I thought i would let you know of a really cool new organic store, you can call 04

the produce is super tasty, fresh, organic and best of all a very reasonable price. 

It's just off Al Manara road in Umm suqueim, just off Al Wasl road or Al manara Rd is one of the interchanges off Sh Zayed Road. 

Check it out. 

Bridy.


----------



## Guest (May 20, 2010)

I tried to find this last weekend, but couldn't. If I go south on Al Wasl, which way would I turn on Al Manara? Do you know the name of the store?

Thanks for any help.


----------



## Elphaba (Jan 24, 2008)

It's the Naswa organic farm shop. It's OK, but not fab IMO

Nola - You turn right at Al Manara if on Al Wasl coming from Marina end. Then first right and third left, just before the mosque.

-


----------



## Guest (May 20, 2010)

Elphaba said:


> It's the Naswa organic farm shop. It's OK, but not fab IMO
> 
> Nola - You turn right at Al Manara if on Al Wasl coming from Marina end. Then first right and third left, just before the mosque.
> 
> -


Do you know of anywhere else that has organics? The only other place I know of is the Organic Store in Dubai Mall.


----------



## Fatenhappy (Jun 23, 2009)

Lets see if I can upload this map in PDF format... ... hope it works otherwise mushkilla !!

Hmm apparently not .... Nola if you send me a PM with your email address I'll flick this to you asap ...

Cheers


----------



## dizzyizzy (Mar 30, 2008)

Has anyone been to the organic store in The Greens? any good?


----------



## Elphaba (Jan 24, 2008)

dizzyizzy said:


> Has anyone been to the organic store in The Greens? any good?

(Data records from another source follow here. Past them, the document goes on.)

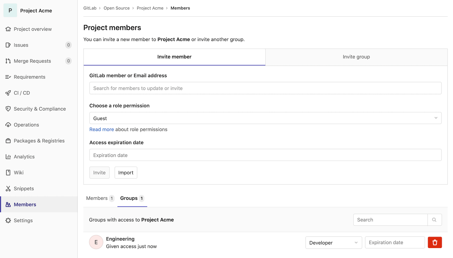 The primary mechanism to give a group of users, say 'Engineering', access to a project, say 'Project Acme', in GitLab is to make the 'Engineering' group the owner of 'Project Acme'. But what if 'Project Acme' already belongs to another group, say 'Open Source'? This is where the group sharing feature can be of use.
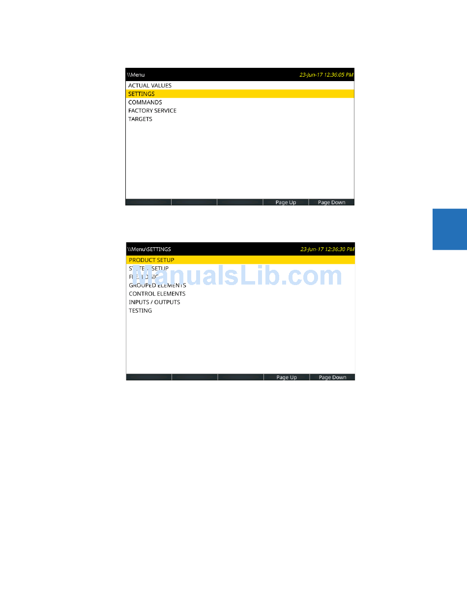 Use the Up or Down pushbutton to select SETTINGS, then press the Right or ENTER pushbutton.
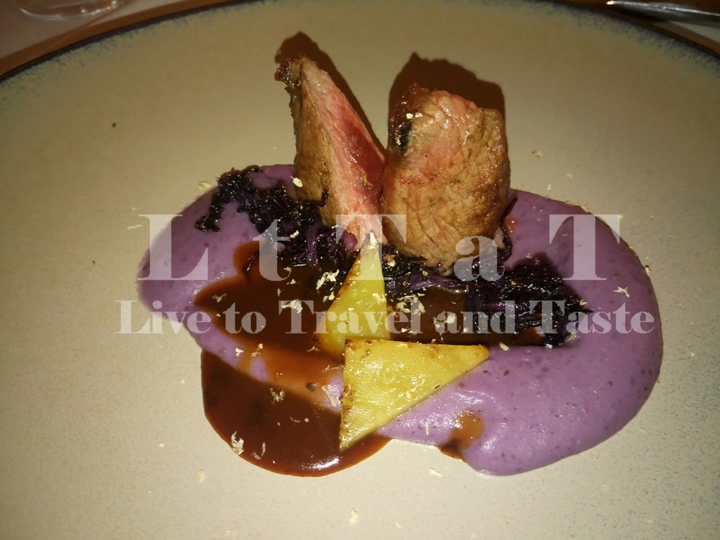 Ελάφι με πουρέ από πατάτες vitelottes, κόκκινο λάχανο και γογγύλι. Οι μικρόκαρπες πατάτες vitelottes είναι μια αρχαία ποικιλία καταγωγής από την Νότια Αμερική, με παχιά φλούδα και έντονο μπλε χρώμα, που τείνει προς το μωβ.

It's the original shop of the big one in Dubai Mall. Decent stock, but some items are pricey.

-


----------



## Elphaba (Jan 24, 2008)

nola said:


> Do you know of anywhere else that has organics? The only other place I know of is the Organic Store in Dubai Mall.


Many of the supermarkets have some organic fruit and veg. I even saw a pretty big range in the Union Co-Op nr Safa Park last weekend.

-


----------



## Guest (May 20, 2010)

dizzyizzy said:


> Has anyone been to the organic store in The Greens? any good?

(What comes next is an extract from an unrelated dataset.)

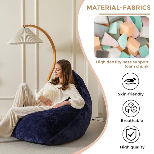 【Perfect Living Room Accessories】: The base of the bean bag chairs is made of non-slip particles fits very well with the floo. The fluffy beanbag chairs are simple and generous in appearance and can be integrated into various home decor styles. Bring you a relaxing and comfortable experience while decorating your home.

I think it's the same chain as the one in the Dubai Mall, i.e., Organic Foods & Cafe. Sometimes it's OK, but it seems like most of the produce isn't local. They do have pretty good organic meat, though - grass fed beef from NZ, and free range chicken. Also great unsprouted grain bread & whole grain rye bread, as well as organic nuts, and processed organic food, although it's still processed food


----------



## Guest (May 20, 2010)

Elphaba said:


> Many of the supermarkets have some organic fruit and veg. I even saw a pretty big range in the Union Co-Op nr Safa Park last weekend.
> 
> -


Is it locally grown produce, or is it shipped in, do you know? I just wondered if there were other local organic markets around


----------



## Guest (May 20, 2010)

Elphaba said:


> It's the original shop of the big one in Dubai Mall. Decent stock, but some items are pricey.
> 
> -


Yes, and also they sometimes don't seem to get stock in for a while, so sometimes the produce will be sitting on the shelf looking a bit tired so if you really want something they normally carry, you may have to wait for the next shipment.


----------